Repeat the listing word for word. No pictures belong in the copy.

» **Data**
______________________________
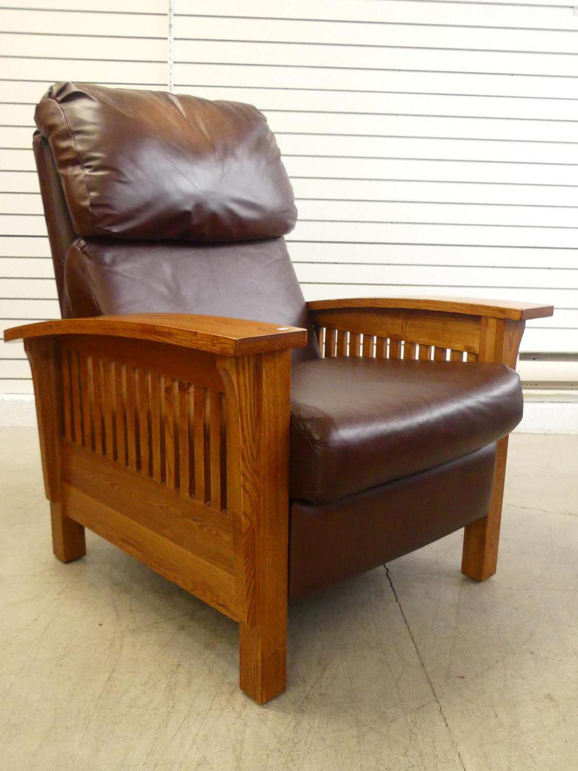 arts & crafts style oak reclining armchair, 21st century, 42" x 34" x 36"
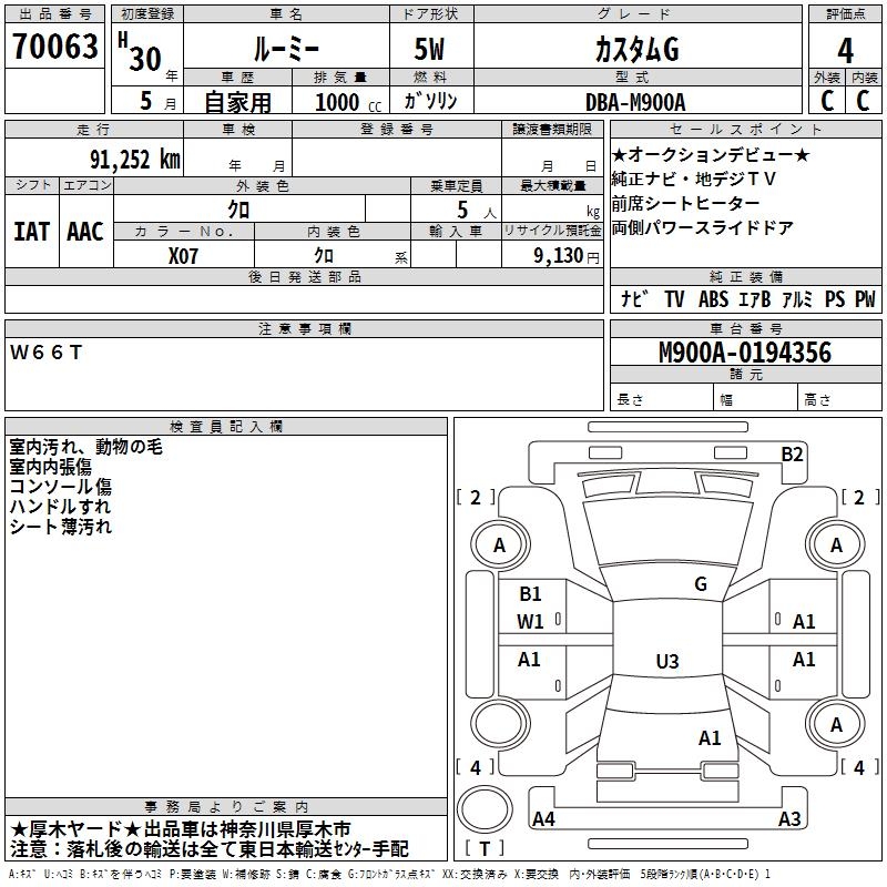 TOYOTA ROOMY - лот 70063
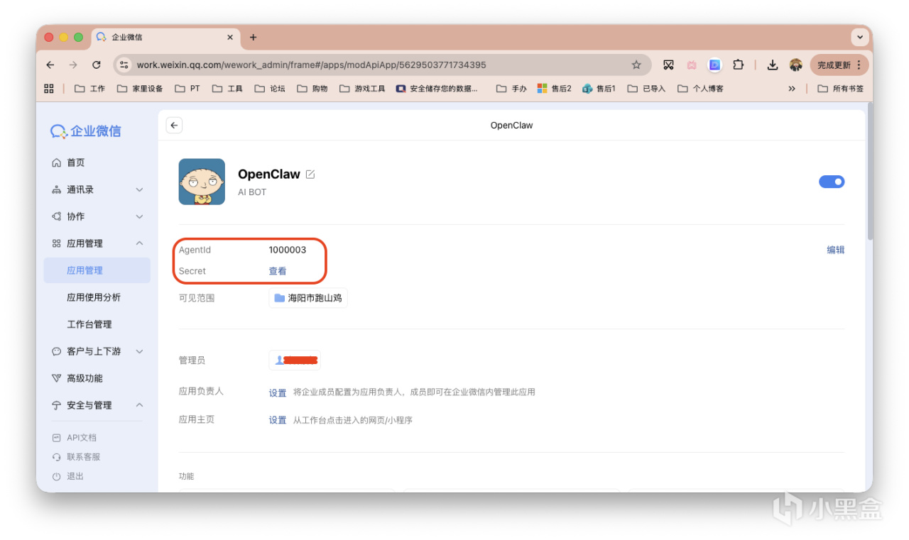 保存AgentId和Secret备用。
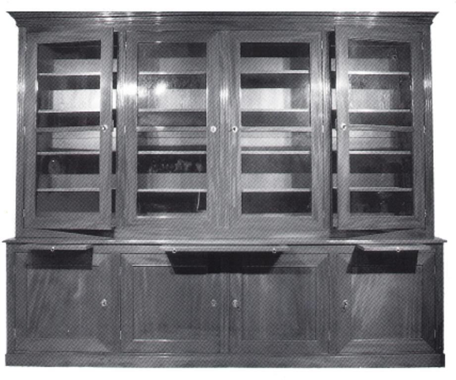 BIBLIOTHÈQUE à deux corps en acajou, ouvrant à quatre portes...
______________________________
» **Output for this exercise**
 arts & crafts style oak reclining armchair, 21st century, 42" x 34" x 36"
 TOYOTA ROOMY - лот 70063
 保存AgentId和Secret备用。
 BIBLIOTHÈQUE à deux corps en acajou, ouvrant à quatre portes...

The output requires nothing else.